### [Work instruction]
Under this line sits a listing. Repeat exactly and only its lines from the one holding "Dual-Mount Granite Sink" through the one holding "School of Medicine"; skip pictures.

### [Supplied data]
__________

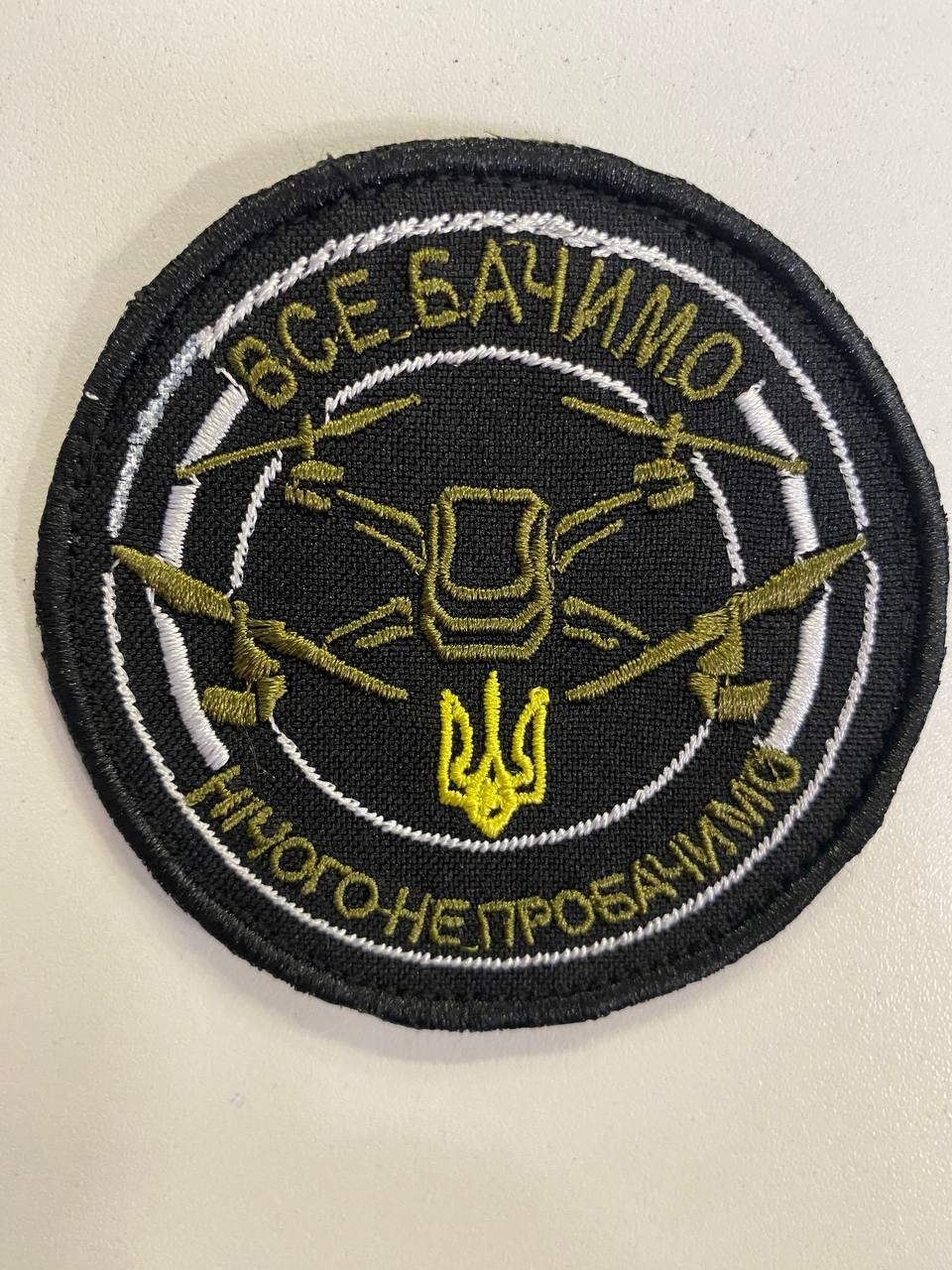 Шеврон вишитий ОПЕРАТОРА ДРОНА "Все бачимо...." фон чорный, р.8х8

__________

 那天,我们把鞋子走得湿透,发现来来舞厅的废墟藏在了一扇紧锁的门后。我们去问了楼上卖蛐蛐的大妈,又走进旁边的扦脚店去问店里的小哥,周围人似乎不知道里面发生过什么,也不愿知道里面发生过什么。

__________

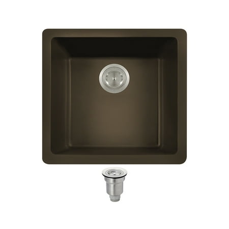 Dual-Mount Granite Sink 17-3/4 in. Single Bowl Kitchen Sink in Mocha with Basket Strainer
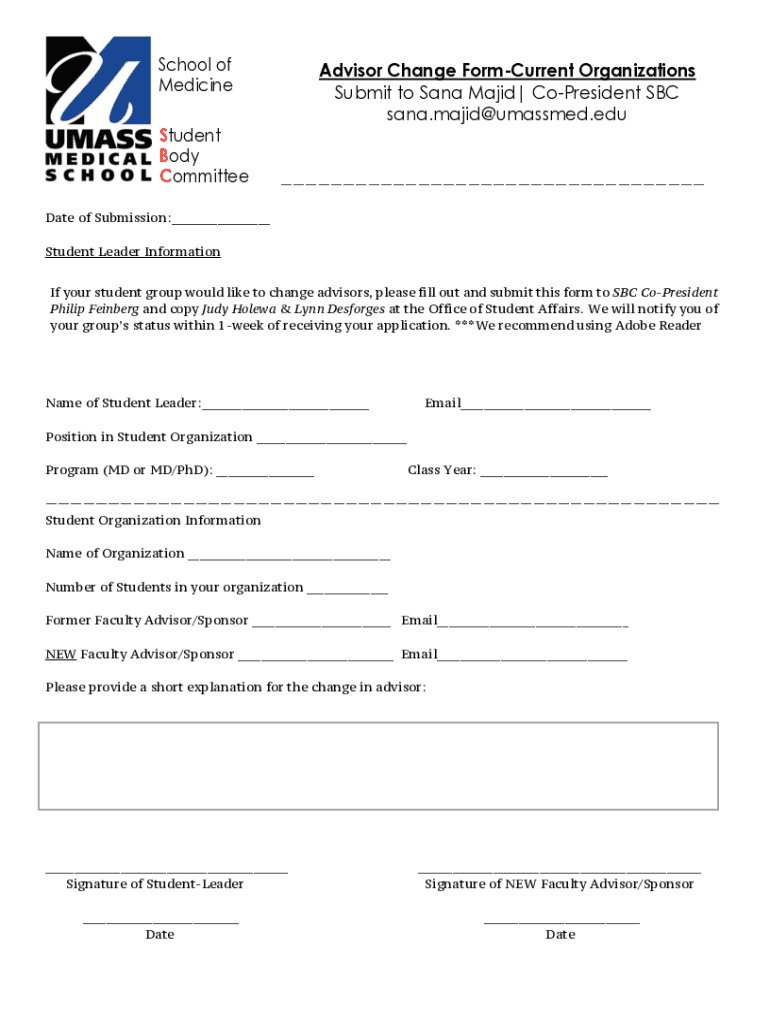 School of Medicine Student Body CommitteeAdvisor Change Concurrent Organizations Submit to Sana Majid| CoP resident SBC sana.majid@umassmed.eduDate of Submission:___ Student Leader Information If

__________

### [Exercise response]
 Dual-Mount Granite Sink 17-3/4 in. Single Bowl Kitchen Sink in Mocha with Basket Strainer
 School of Medicine Student Body CommitteeAdvisor Change Concurrent Organizations Submit to Sana Majid| CoP resident SBC sana.majid@umassmed.eduDate of Submission:___ Student Leader Information If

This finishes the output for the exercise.